Question

What is the length of AB in the below given figure?

Answer 1

Hint: In this particular types of question use the concept of Pythagoras theorem i.e. ${\left( {{\text{hypotenuse}}} \right)^2} = {\left( {{\text{perpendicular}}} \right)^2} + {\left( {{\text{base}}} \right)^2}$ and use that the distance between the center of the two circle if they touch each other is the sum of the respective radii so use this concept to reach the solution of the question.
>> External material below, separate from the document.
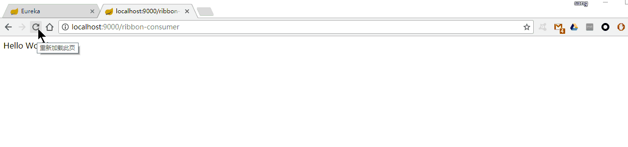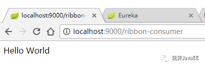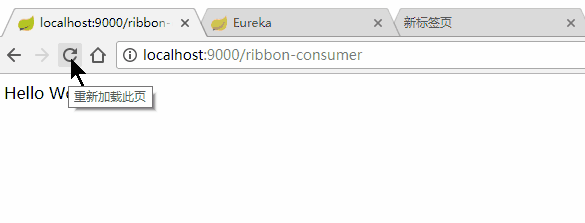 首先我们分别启动服务注册中心,再启动两个服务提供者的实例,端口号分别是8080和8081,然后再启动一个服务消费者,服务消费者的端口号为9000,这几个都启动成功之后,我们访问http://localhost:9000/ribbon-consumer这个地址,可以看到如下效果:

Complete step-by-step answer:

Given data:
Diameter of bigger circle = 6cm, therefore radius = 3cm
Diameter of the middle circle = 4 cm, therefore radius = 2cm
Diameter of the upper circle = 3 cm, therefore radius = 1.5cm.
Let C, D and F be the center of the bigger, middle and upper circles respectively.
Draw perpendicular from the center of the middle circle to the lower circle as shown, let it cut the lower circle at point F
So, angle DFC = 90 degrees.
So distance CF = radius of the bigger circle – radius of the middle circle
Therefore, CF = 3 – 2 = 1cm.
Now join C and D as shown.
As C and D bot are centers so the distance CD = sum of the radius of the bigger and middle circles.
Therefore, CD = 3 + 2 = 5cm.
Now extend the diameter of the middle circle towards RHS and draw the perpendicular on this line from the center of the upper circle as shown; let it cut the line at point G.
So, angle EGD = 90 degrees.
Now from figure, GH = HI – GI
Now HI = 6 – 4 = 2cm, and GI = radius of the upper circle = 1.5cm.
Therefore, GH = 2 – 1.5 = 0.5cm
Therefore, DG = GH + DH = 0.5 + 2 = 2.5cm
And ED is distance between the centers of the upper and middle circle so,
ED = 1.5 + 2 = 3.5cm
Now in triangle DFC apply Pythagoras theorem we have,
$ \Rightarrow {\left( {{\text{hypotenuse}}} \right)^2} = {\left( {{\text{perpendicular}}} \right)^2} + {\left( {{\text{base}}} \right)^2}$
$ \Rightarrow {\left( {{\text{DC}}} \right)^2} = {\left( {{\text{DF}}} \right)^2} + {\left( {{\text{FC}}} \right)^2}$
Now substitute the values we have,
$ \Rightarrow {\left( {\text{5}} \right)^2} = {\left( {{\text{DF}}} \right)^2} + {\left( {\text{1}} \right)^2}$
$ \Rightarrow {\left( {{\text{DF}}} \right)^2} = 25 - 1 = 24$
$ \Rightarrow \left( {{\text{DF}}} \right) = \sqrt {24} = 2\sqrt 6 $ Cm
Now in triangle DEG apply Pythagoras theorem we have,
$ \Rightarrow {\left( {{\text{hypotenuse}}} \right)^2} = {\left( {{\text{perpendicular}}} \right)^2} + {\left( {{\text{base}}} \right)^2}$
$ \Rightarrow {\left( {{\text{ED}}} \right)^2} = {\left( {{\text{GE}}} \right)^2} + {\left( {{\text{DG}}} \right)^2}$
Now substitute the values we have,
$ \Rightarrow {\left( {{\text{3}}{\text{.5}}} \right)^2} = {\left( {{\text{EG}}} \right)^2} + {\left( {2.5} \right)^2}$
$ \Rightarrow {\left( {{\text{EG}}} \right)^2} = {\left( {{\text{3}}{\text{.5}}} \right)^2} - {\left( {2.5} \right)^2} = 6$
$ \Rightarrow \left( {{\text{EG}}} \right) = \sqrt 6 $
So the distance AB = DF + EG = $2\sqrt 6 + \sqrt 6 = 3\sqrt 6 $ Cm.
So this is the required answer.

Note – Whenever we face such types of questions the key concept we have to remember is that to solve this problem construction is the key, so construct the diagram as above and calculate all the values required to solve the right triangles in the figure so that we can apply Pythagoras theorem and calculate the distance of DF and EG, effectively AB.